Problem
When running llama.cpp on RHEL9-like OS, it is noticed that a large portion of time is single-threaded, which is unexpected.
Attaching with GDB shows that it is running sgemm
provided by OpenBLAS; but OpenBLAS should run with multiple threads.
Analyze
Search engine gives this post: Red Hat Bugzilla – Bug 1589823 - The OpenBLAS package that comes with RHEL does not have multithreading capabilities
Don’t use the sequential library if you want the parallel one. Use -lopenblaso for OpenMP and -lopenblasp for pthreads.
This behavior is different from Debian-like OSs.

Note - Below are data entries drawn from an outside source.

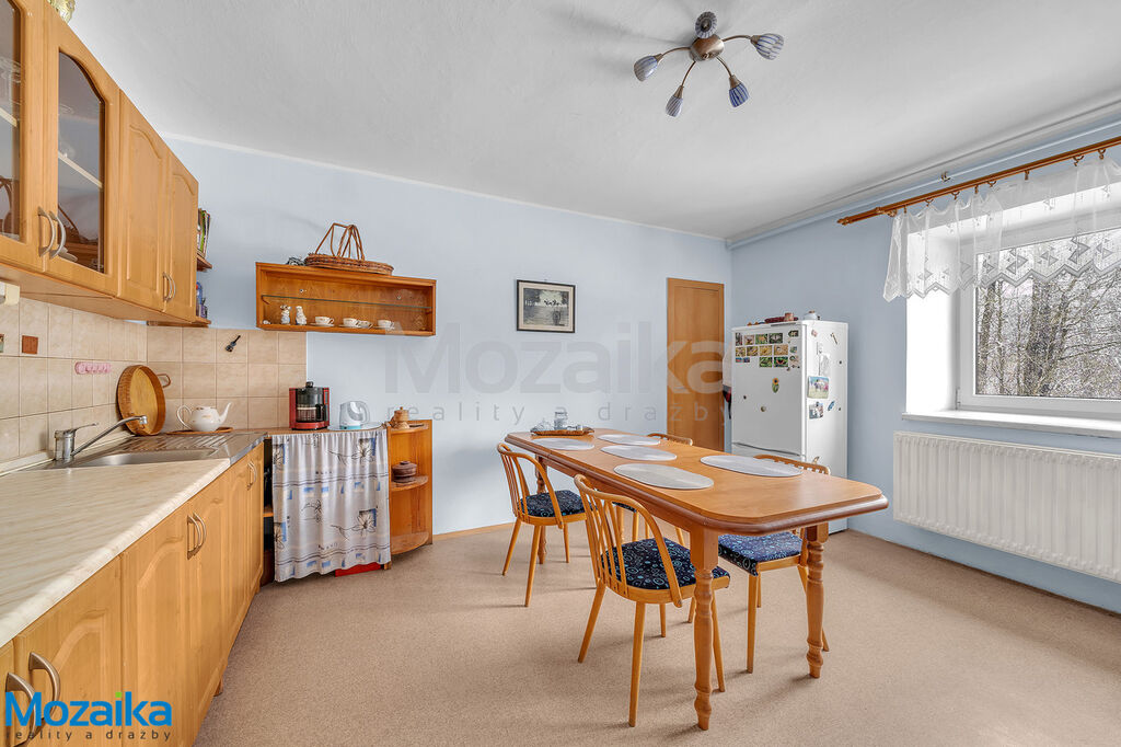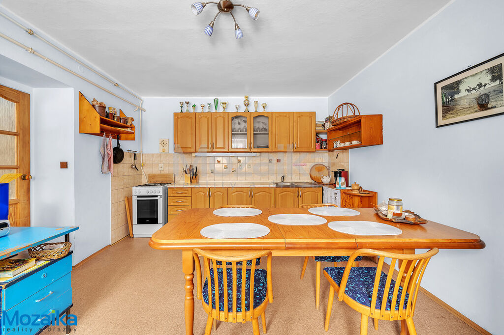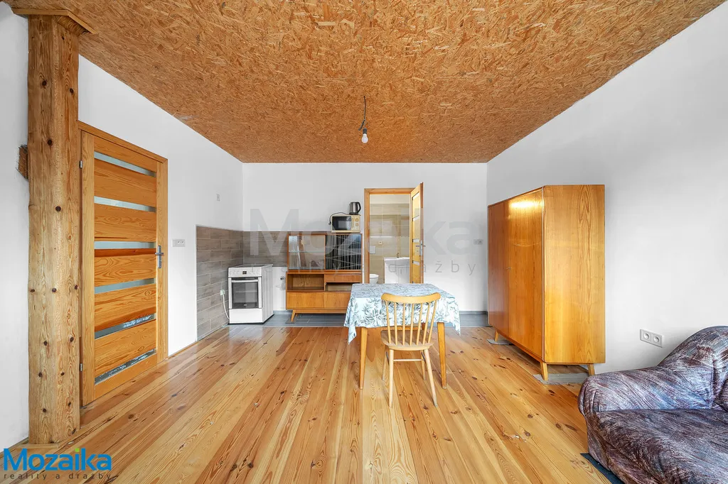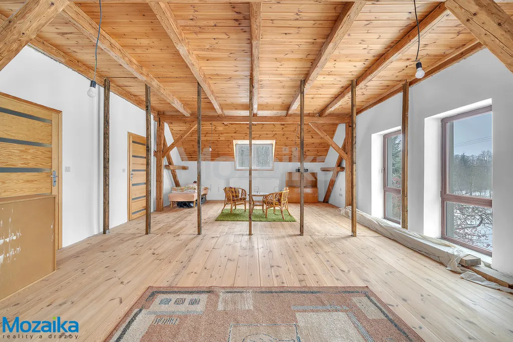V přízemí domu najdete plně funkční byt 2+1, který prošel v roce 2008 kompletní rekonstrukcí včetně nových plastových oken. V roce 2018 byla položena nová střešní krytina Capacco a započala vestavba dalšího obytného prostoru v podkroví. Zde je již hotový jeden apartmán s vlastním sociálním zázemím a kuchyňským koutem. Další velký apartmán (nebo dva pokoje dle vašeho řešení) čeká na dokončení dle vašich představ. Samostatné vstupy umožňují oddělené využívání přízemí a podkroví – ideální pro vícegenerační bydlení nebo ubytování hostů.
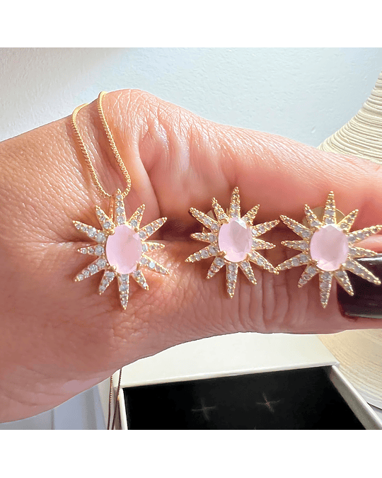 O colar apresenta um pendente em formato de sol com uma pedra rosa oval no centro e raios cravejados de zircónias, complementado por uma corrente fina e um fecho seguro. Os brincos seguem o mesmo design harmonioso, com fecho tipo borboleta para segurança e praticidade.
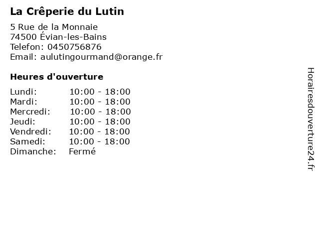 1 Au Lutin Gourmand (Distance: 0,34 km) 27 rue Nationale, 74500 Evian-les-Bains alimentation, au, condiments, gourmand, gâteaux, lutin, épicerie 2 Crêperie Le Petit Breton (Distance: 0,44 km) 16 Rue Nationale, 74500 Évian-les-Bains breton, crêperie, cuisine, le, menus, petit, repas, restaurant 3 Crêperie du Lac (Distance: 16,69 km) 30 Quai André Chevallay, 74500 Saint-Gingolph boissons, creperie, crêperie, du, lac, restaurants 4 Crêperie Les Flocons (Mi-Décembre à Mars) (Distance: 28,68 km) - Le Praz de Lys, 74440 Taninges crêperie, décembre, flocons, galettes, les, mars, mi, restaurant, restauration 5 Crêperie des Arts - Bar (Distance: 34,25 km) 93 Place Perdtemps, 01220 Divonne-les-Bains arts, bar, crêperie, des, restaurant, restauration 6 Crêperie des Arts - Restaurant (Distance: 34,25 km) 93 Place Perdtemps, 01220 Divonne-les-Bains arts, crêperie, des, restaurant, restauration |
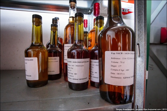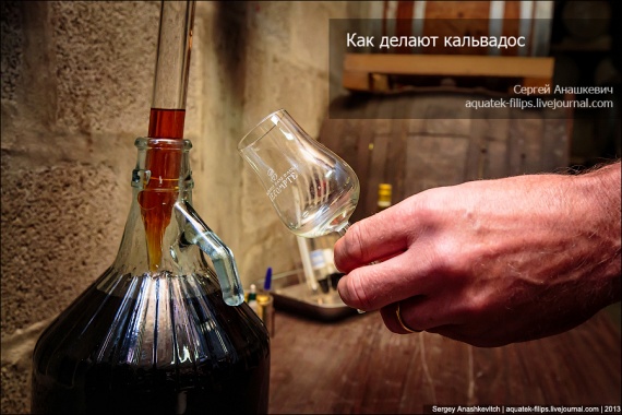 21. Вообще следует сказать, что кальвадос не как вино живет все время в одной бочке. Его регулярно переливают, смешивают с другим кальвадосом, проводя ассамбляж. За всем этим ежедневно следит мастер погреба, постоянно беря пробы и проводя дегустации ароматов и вкуса.
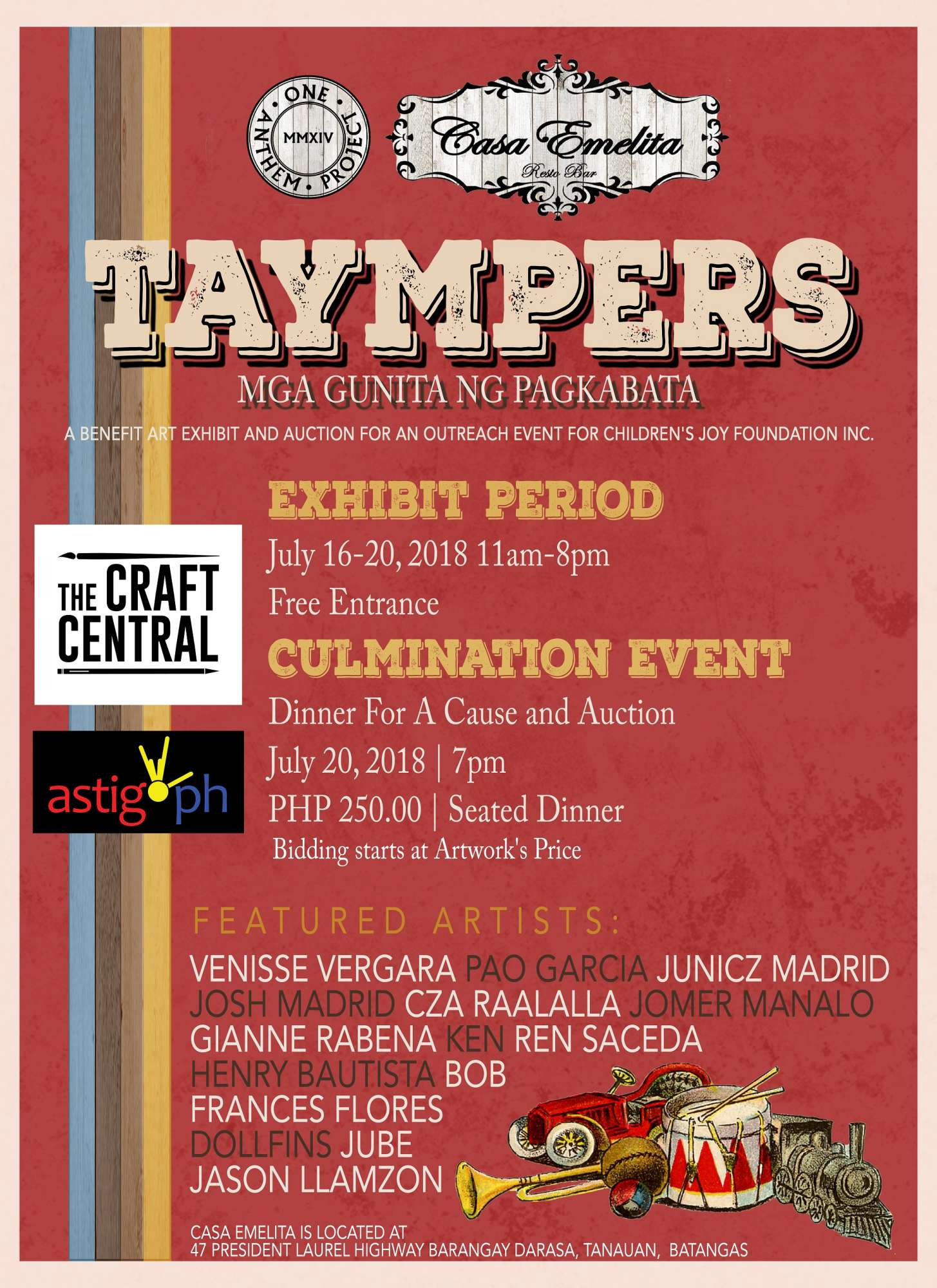 What: Taympers: Mga Gunita ng Pagkabata – A benefit art exhibit and auction for Children’s Joy Foundation Inc.

e.g. in Ubuntu 24.04, the OpenBLAS variant used is mananged by update-alternatives
, and only libopenblas.so
is provided.
Moreover, CMake checks libopenblas.so
only: FindBLAS.cmake @ 321b71c, line 751-805
Solution
Not sure whether package policy or FindBLAS should change. An issue is reported: cmake/cmake#26659.
Workaround is simple:
sudo mv libopenblas.so libopenblas.so.bak
sudo mv libopenblas.so.0 libopenblas.so.0.bak
sudo ln -s libopenblasp.so libopenblas.so
sudo ln -s libopenblasp.so.0 libopenblas.so.0